HP Pavilion dm1 (4108AU) review: HP Pavilion dm1 (4108AU)
The dm1 is attempting to occupy a price point, and hold on to it to the best of its ability. If you don't want the bulk of a 15.6-inch budget machine yet can't afford an ultrabook, don't stoop down to the netbook level: get this instead.
HP's 11.6-inch Pavilion dm1 isn't a netbook, which is great; but it isn't an ultrabook either.
The Good
The Bad
The Bottom Line
The AMD-powered laptop is an exercise in "just enough", offering a quite decent experience. It's not really a production machine — you don't want to be doing any heavy graphics, audio or video work on it — but by and large it's perfectly fine for web browsing and consumption tasks. Even 1080p Flash video works fine in YouTube, so long as you play it full screen.
The keyboard and touch pad show that HP mastered the small form factor a long time ago, thanks to its professional netbook experience. The 1366x768 screen isn't great though; a washed out affair with limited vertical viewing angles. HP has also managed to cram in Beats Audio into yet another of its devices, but don't expect miracles — rather just passable sound for the size of the laptop.
It's fully featured, though; three USB 2.0 ports, HDMI and VGA out, an SD card reader, headphone and microphone jacks, gigabit Ethernet, Bluetooth 4.0 and 802.11n meaning you should stay well connected.
Application performance
Our review unit (the 4108AU) came with an AMD E-450 1.65GHz CPU paired with a Radeon HD 6320. It easily trounces any netbook, but is by no measures a gaming machine. While it ran our gaming benchmarks, the scores were low enough to be discarded.
It also featured a 320GB hard drive and 2GB RAM. HP makes another version of the dm1, sub-model 4100, which includes a 500GB hard drive and 4GB RAM; however, at the time of writing, it seems to only be listed on its own website, rather than being sold anywhere.
The end user can upgrade their own RAM as a spare slot is free; however, getting the base off is a pain, requiring finger nails to pull the bottom panel down and away from the battery — there's no easy access slot.

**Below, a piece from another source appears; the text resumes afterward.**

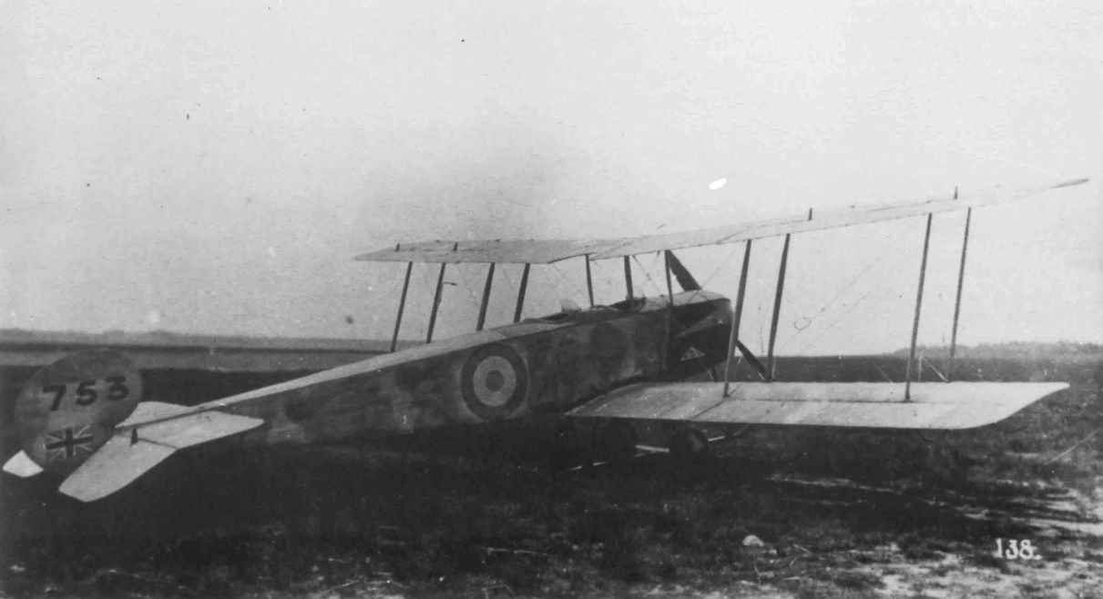 Регистрационный номер: 753 Avro 504 No.753, one of the original versions of that long-lived family, appears to have a form of camouflage.

Choose a benchmark: Handbrake | iTunes | Photoshop | Multimedia
To get a handle on performance, we've included both a netbook and ultrabooks in our comparison. The Gigabyte S1080, despite being a tablet is a netbook analog, featuring an Atom processor. The MacBook Air 11 and ZenBook UX21, meanwhile, are indicative of what performance an ultrabook can gain you. For the most part, ponying up the extra cash for an ultrabook is highly worth it if you intend to do more than just word processing, web browsing and video watching on your machine.
Battery life
The dm1 at least does well on battery, approaching the same sort of battery life you'd expect from a 13-inch ultrabook.
Conclusion
The dm1 is attempting to occupy a price point, and hold on to it to the best of its ability. If you don't want the bulk of a 15.6-inch budget machine yet can't afford an ultrabook, don't stoop down to the netbook level: get this instead.